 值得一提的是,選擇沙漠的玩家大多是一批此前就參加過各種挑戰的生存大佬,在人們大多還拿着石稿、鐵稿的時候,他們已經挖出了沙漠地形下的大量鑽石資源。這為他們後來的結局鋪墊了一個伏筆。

* * *

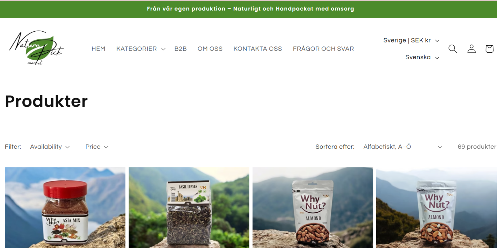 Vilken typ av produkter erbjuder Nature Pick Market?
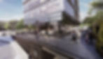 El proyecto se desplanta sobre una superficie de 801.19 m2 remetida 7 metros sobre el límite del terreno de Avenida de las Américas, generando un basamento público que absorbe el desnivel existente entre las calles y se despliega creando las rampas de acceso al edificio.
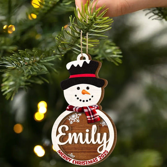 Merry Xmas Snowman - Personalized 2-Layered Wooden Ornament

==

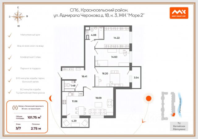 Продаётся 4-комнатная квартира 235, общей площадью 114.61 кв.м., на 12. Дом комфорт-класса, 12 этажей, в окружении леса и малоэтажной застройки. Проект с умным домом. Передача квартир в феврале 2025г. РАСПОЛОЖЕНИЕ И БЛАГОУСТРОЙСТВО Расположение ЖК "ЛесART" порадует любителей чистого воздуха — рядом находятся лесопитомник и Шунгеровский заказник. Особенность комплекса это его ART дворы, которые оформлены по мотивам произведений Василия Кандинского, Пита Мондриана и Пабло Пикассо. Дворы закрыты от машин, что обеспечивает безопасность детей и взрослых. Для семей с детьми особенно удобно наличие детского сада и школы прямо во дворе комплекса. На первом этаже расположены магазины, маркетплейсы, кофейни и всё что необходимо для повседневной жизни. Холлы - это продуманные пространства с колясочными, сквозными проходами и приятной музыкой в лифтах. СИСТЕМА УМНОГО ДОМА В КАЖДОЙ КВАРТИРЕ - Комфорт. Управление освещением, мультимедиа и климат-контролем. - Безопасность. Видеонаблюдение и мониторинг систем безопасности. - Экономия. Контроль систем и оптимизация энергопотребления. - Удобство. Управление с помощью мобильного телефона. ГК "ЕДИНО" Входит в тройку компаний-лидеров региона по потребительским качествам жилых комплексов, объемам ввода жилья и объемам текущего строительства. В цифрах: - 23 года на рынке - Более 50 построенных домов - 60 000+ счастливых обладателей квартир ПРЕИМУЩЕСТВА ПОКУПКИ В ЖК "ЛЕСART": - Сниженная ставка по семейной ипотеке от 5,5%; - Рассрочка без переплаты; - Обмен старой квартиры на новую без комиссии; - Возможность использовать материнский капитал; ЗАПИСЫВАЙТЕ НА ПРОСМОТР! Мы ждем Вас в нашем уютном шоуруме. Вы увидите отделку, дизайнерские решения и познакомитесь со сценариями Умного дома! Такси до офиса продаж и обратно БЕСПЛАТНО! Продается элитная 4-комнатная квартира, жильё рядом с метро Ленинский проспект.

■ What you will do: Copy needed, without pictures: the lines of the listing above from the line containing "El proyecto se" up to and including the line containing "Merry Xmas Snowman", set down exactly.

■ Expected answer:
 El proyecto se desplanta sobre una superficie de 801.19 m2 remetida 7 metros sobre el límite del terreno de Avenida de las Américas, generando un basamento público que absorbe el desnivel existente entre las calles y se despliega creando las rampas de acceso al edificio.
 Merry Xmas Snowman - Personalized 2-Layered Wooden Ornament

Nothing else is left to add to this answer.